╭─ Record set

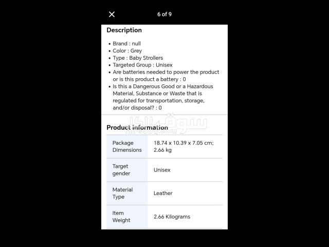 هي سياره لنقل الاطفال بها فرامل اماميه وخلفيه وبها حزام امان للطفل ولها مظله ولا غطاء للشتاء ولها مخزن سفلي لوضع الاشياء الطفل ولها باب لمنع سقوط الطفل من على العربه ولها شبكه في المظله لرؤيه الطفل اثناء نومه بدون ازعاجه من الضوء
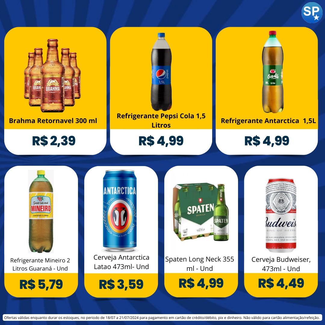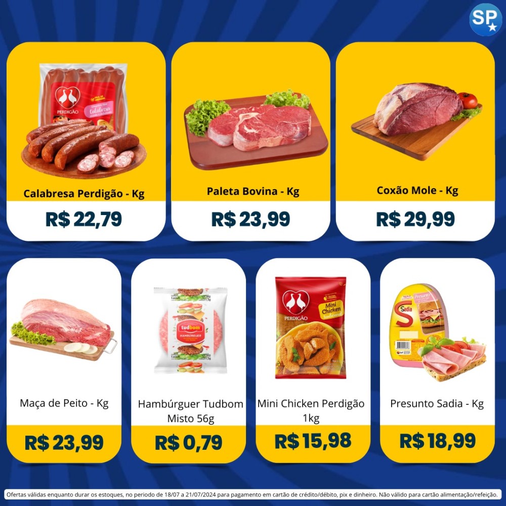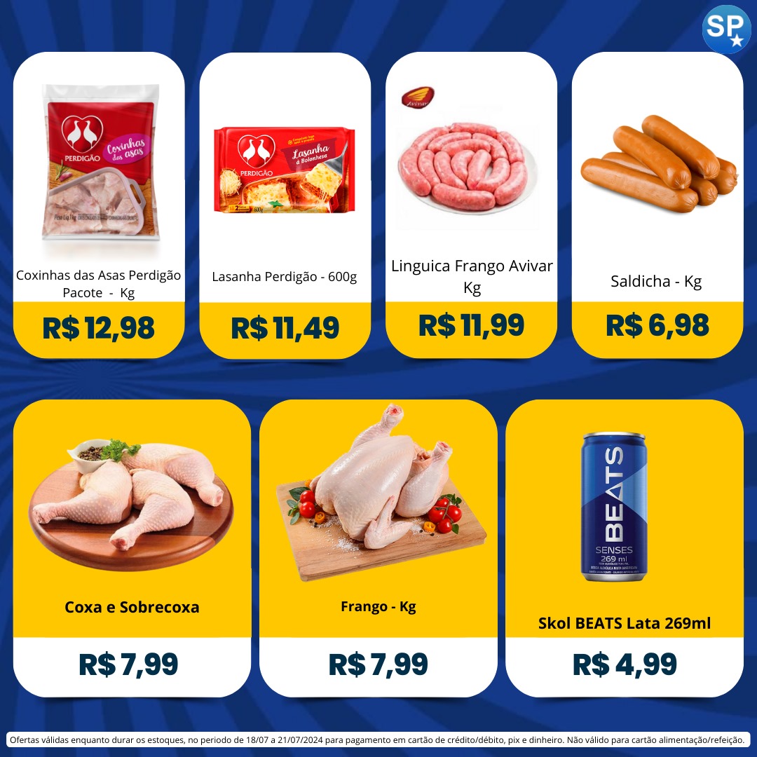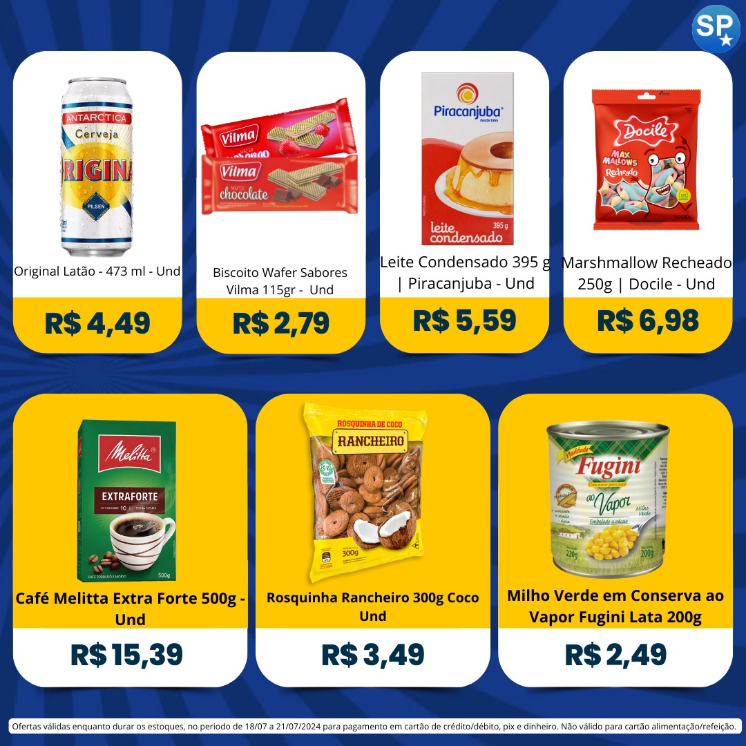 Ofertas válidas para pagamento em pix, dinheiro, cartão de crédito e debito, de 18/07 a 21/07, ou enquanto durarem os estoques.
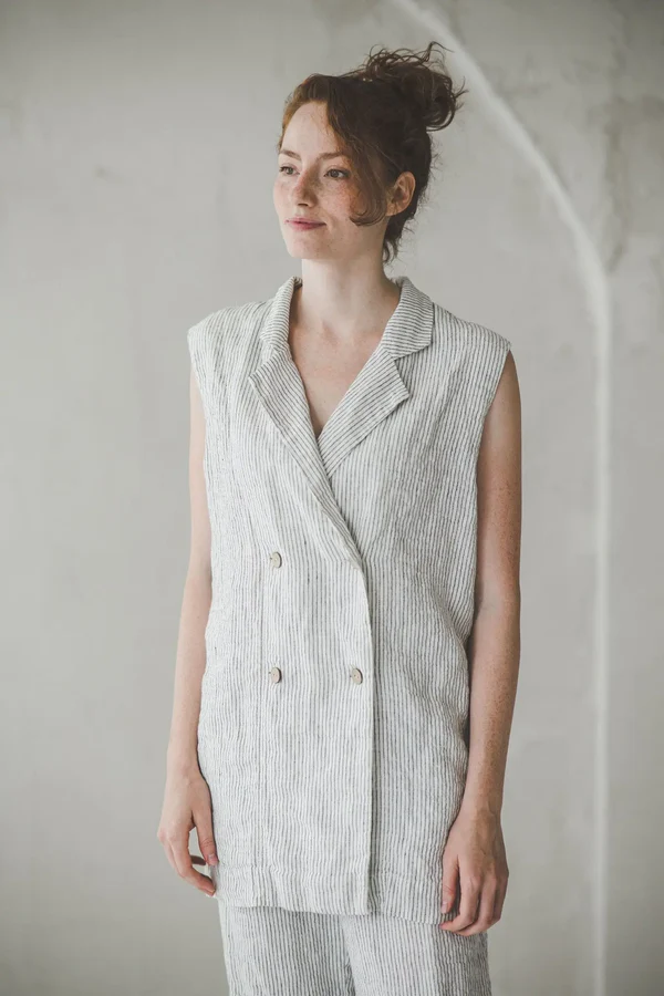Daily Freshness in Striped Linen Double – Breasted Vest
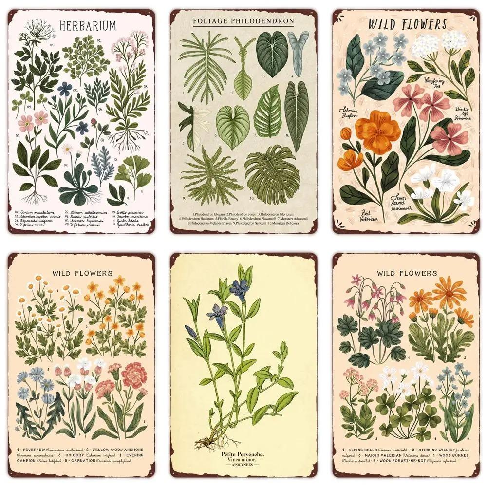 VintageWildFlowersMetalSign Vintage Metal Tin Sign - Wild Flowers Plant Herbarium Art Plaque, Kitchen/Home Wall Decor
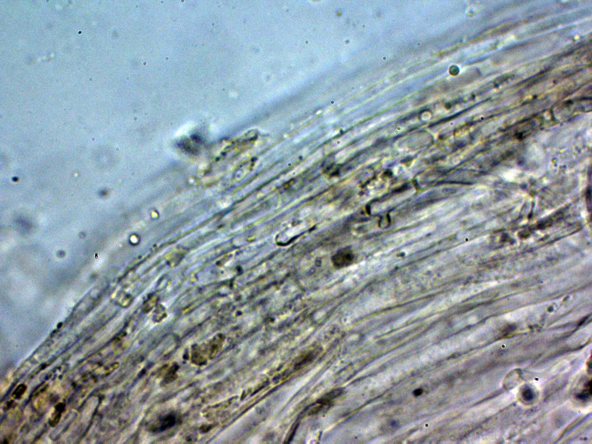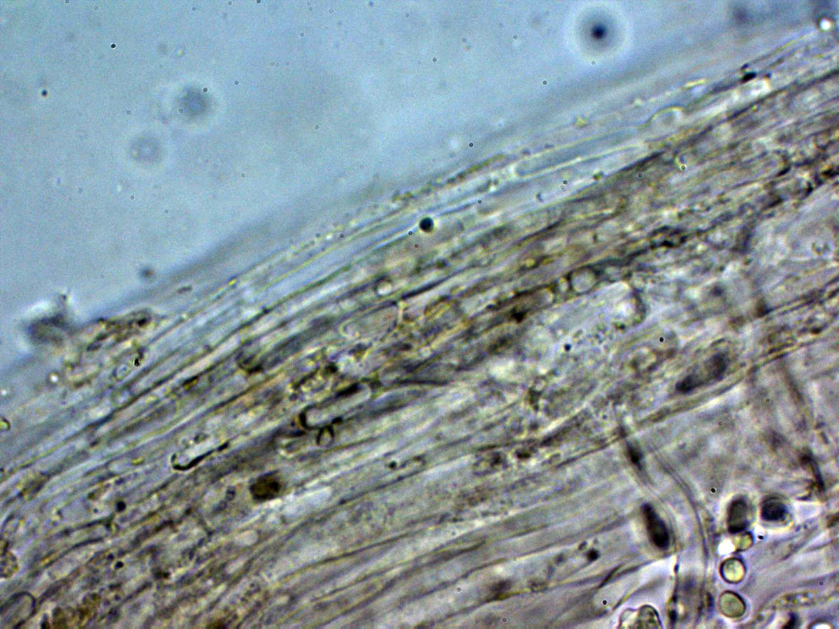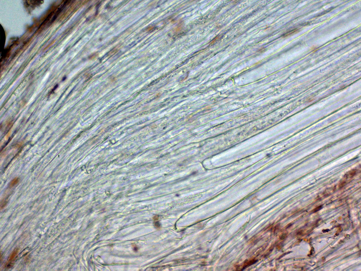 Hifas de la pileipellis dispuestas más o menos paralelamente, con tenues excrecencias a modo de suciedad y alguna que otra digitación corta.
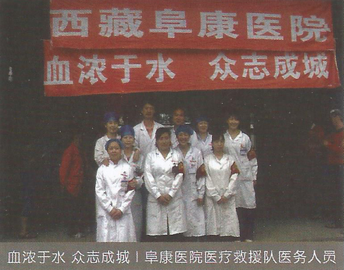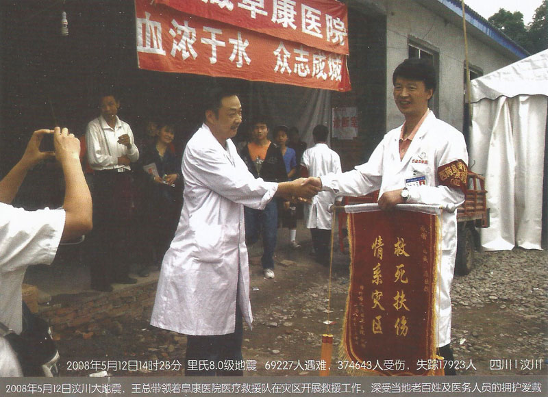 2008年5月12日14時28分,在得知發(fā)生在四川汶川8級的強(qiáng)烈地震后,王斌被深深的震撼了,5月13日第一時間帶頭捐款并號召全公司347名員工為災(zāi)區(qū)人民獻(xiàn)愛心,在王斌的帶領(lǐng)下短短的一上午公司即向西藏紅十字會捐款10062萬元(其中王斌個人捐款5062萬元)。13日下午,王斌隨即召開阜康醫(yī)院醫(yī)務(wù)人員趕赴災(zāi)區(qū)醫(yī)療救援動員大會,并迅速組建了一支由他本人作為領(lǐng)隊(duì)的26人醫(yī)療救援隊(duì)。同時他還帶領(lǐng)醫(yī)療隊(duì)為盡快抵達(dá)地震災(zāi)區(qū)并第一時間參與醫(yī)療救援,而且決定在成都臨時購買一輛配備完善的救護(hù)車,還包括大量藥品、生活物品、以及部分醫(yī)療設(shè)備,此次救災(zāi)共投入130余萬元。
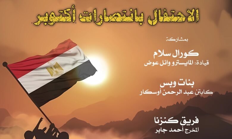 تواصل دار الأوبرا المصرية برئاسة الدكتور علاء عبد السلام إحتفالاتها بذكرى إنتصارات أكتوبر، حيث تقيم ضمن نشاطها الثقافى والفكرى بإشراف رشا الفقى وبالتعاون مع المركز القومى لثقافة الطفل التابع للمجلس الأعلى للثقافة أمسية فى السابعة مساء الأربعاء 29 أكتوبر بمعهد الموسيقى العربية تتضمن فقرات فنية متنوعة تجسد مشاعر الفخر والعزة بالوطن ويشارك خلالها كل من كورال سلام بقيادة المايسترو وائل عوض، فريق بنات وبس بقيادة الكابتن عبد الرحمن أوسكار، فريق كنزنا بقيادة المخرج أحمد جابر.
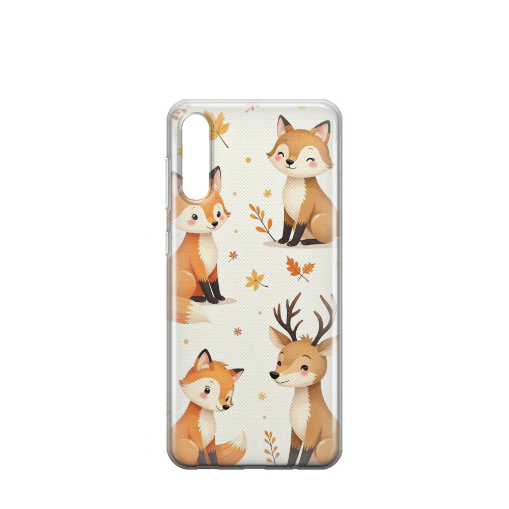 Samsung Galaxy A50 Gummi Hülle Herbstliche Waldbewohner - Orange
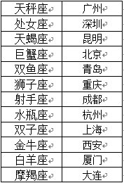 國內(nèi)城市中哪些是十二星座的最愛?據(jù)統(tǒng)計,飲食文化源遠流長的廣州是天秤座的最愛,距離香港、澳門很近的深圳成了處女寶寶的選擇,四季如春的昆明是天蝎座的度假勝地,喜歡全家一起出行的巨蟹寶寶更偏愛老少咸宜的首都北京,愛浪漫的雙魚座則是更多地選擇了既有異域風(fēng)格又能吹海風(fēng)的雙魚座。
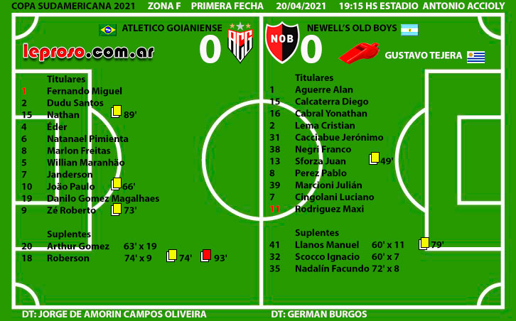 18 ROBERSON primer jugador que recibe una tarjeta en un partido de Newell's por Copa Sudamericana.
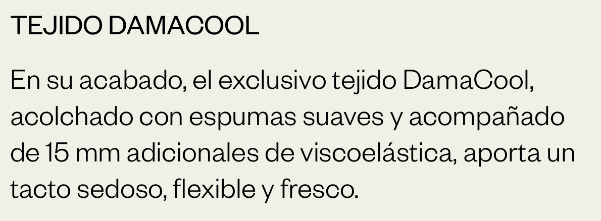 En su acabado exterior, el tejido Damacool añade frescura y suavidad. Está acolchado con espumas de alta calidad y 15 mm adicionales de viscoelástica, lo que proporciona un tacto sedoso, flexible y envolvente desde el primer contacto.
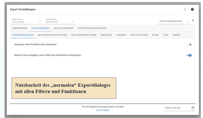 Der Intershop-Export kann auch über den Exportdialog gestartet werden. Dadurch lassen sich sämtliche Filter und Konfigurationen ebenfalls für den Intershop-Export nutzen.

╰─

What to produce: Would you give again, exactly, the lines in the data above that run from the line containing "Samsung Galaxy A50" to the line containing "國內(nèi)城市中哪些是十"? Include both ends and no pictures.

Solution below:
 Samsung Galaxy A50 Gummi Hülle Herbstliche Waldbewohner - Orange
 國內(nèi)城市中哪些是十二星座的最愛?據(jù)統(tǒng)計,飲食文化源遠流長的廣州是天秤座的最愛,距離香港、澳門很近的深圳成了處女寶寶的選擇,四季如春的昆明是天蝎座的度假勝地,喜歡全家一起出行的巨蟹寶寶更偏愛老少咸宜的首都北京,愛浪漫的雙魚座則是更多地選擇了既有異域風(fēng)格又能吹海風(fēng)的雙魚座。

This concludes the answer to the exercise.